140x7 in some old loose wraps

160x3 in some old loose wraps

not the best but i havent really trained legs properly in a while lol

hacksquat

3plates/side x10 continuous tension

4plates/side x10

3plates/side x10 onlyyyyy just

sacked hypers cos some retard was hammering the machine

legpress calf raise

3plates/side x10

3plates/side x10

3.5plates/side x15

then went on about a 6 mile bike ride on a single speed bike, legs were battered to say the least, and are sore today as well as my **** lol


----------



## ItsaSecret (May 28, 2012)

22/05

keep cheating on diet now i look ****e but im bigger and stronger lol.. 16st 6... going strict as **** and not smoking green anymore really as of today.

seated db shoulder press

10s x12

20s x8

30s x6

40s x5

db rear raises with 30 secs rest a set

10s x10

10s x10

10s x10

10s x10

10s x10 only just

side raises with 30 secs rest

10s x10

10s x10

10s x10

10s x10 last couple ****e

10s x8 last few ****e

thatll do


----------



## ItsaSecret (May 28, 2012)

23/05

deadlift

60x8

100x4

140x2

180x1

220x1

wide grip pulldown

45x10

65x10

80x8

barbell row

60x15

70x12

70x8

shrug

30s x12 super slow

standing db curl

17.5s x10


----------



## ItsaSecret (May 28, 2012)

lower back feels slightly fragile today, however it doesnt feel BAD, thats the main thing, so im happy iwth that. i think i'll have a day off today and do chest tomorrow. 16st 1.5 today and look better again.

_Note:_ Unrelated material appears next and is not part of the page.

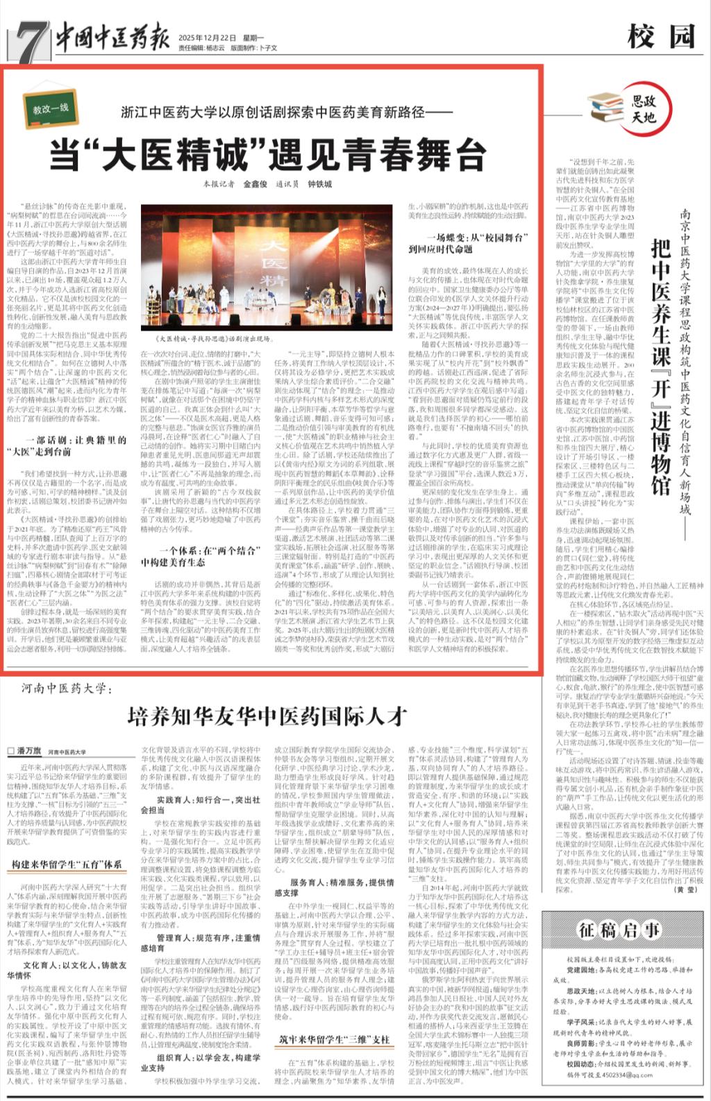 浙江中医药大学以原创话剧探索中医药美育新路径——当“大医精诚”遇见青春舞台

edit: p.s gold member as of today  guess that means my account is a year old ha.


----------



## ItsaSecret (May 28, 2012)

27/05

incline bench

barx20

60x8

100x8 +2 assists

120x1 +1 assist

slight incline db (not locking out, slow reps too)

30s x12

30s x12

30s x10

fly machine

50x10

50x8 ****e last 2 reps

cable crossover

15x10

side raises

10s x12

10s x10


----------



## ItsaSecret (May 28, 2012)

yesterdays protein/carbs/fats, note that my carbs were only at about 120 until late at night then i decided i would have some cereal and such. not that it even matters i don't think.. however in my eyes i did eat too many carbs.

255 P

240 C

32 F

2268 cals.

keeping it ultra strict until thursday night then ill carb up considerably since im planning on going out friday etc.


----------



## ItsaSecret (May 28, 2012)

31/05

did some volume leg training it was minging, felt like fainting after, i'd had no carbs all day before this or for a long time after so i was feeling rough as **** lol

squat

60x10

100x10

100x10

100x10

100x10

100x12

legpress calf raise

3plate/side x12

4.5plate/side x12

4.5plate/side x12


----------



## ItsaSecret (May 28, 2012)

01/06 weighed 16st 2.25 or summat today

seated shoulder press

20s x12

30s x6

40s x7 happy days, down weight and stronger.

lying rear raises

7.5s x12

10s x12

10s x12

10s x12+3 **** ones

side raises

7.5s x12

7.5s x12

7.5s x15

7.5s x12

shrugs

35s x12

50s x20 hurt something in my back a nerve damage thing ive done it before, its annoying as ****.

legpress calf raise

4plates/side x12

5plates/side x15

5plates/side x15


----------



## ItsaSecret (May 28, 2012)

edit: weigh like 16 stone and 2.5lb.

today is day 3 of carb backloading.


----------



## ItsaSecret (May 28, 2012)

03/06

flat bench

barx20

60x8

100x5

140x2 meh nb dropset to

100x8

fly machine

60x12

60x10

incline db's

32.5s x7

25s x10 or some ****

cable crossovers

15x12

25x8

tricep kickback

7.5 2x12


----------



## ItsaSecret (May 28, 2012)

chest is destroyed today, i ate pretty crap yesterday ended up having a monster energy drink which is 66 carbs and had a kebab and a litre of coke last night, ah well, think carbs stayed relatively low though as im heavier today but i definitely don't look ****ter.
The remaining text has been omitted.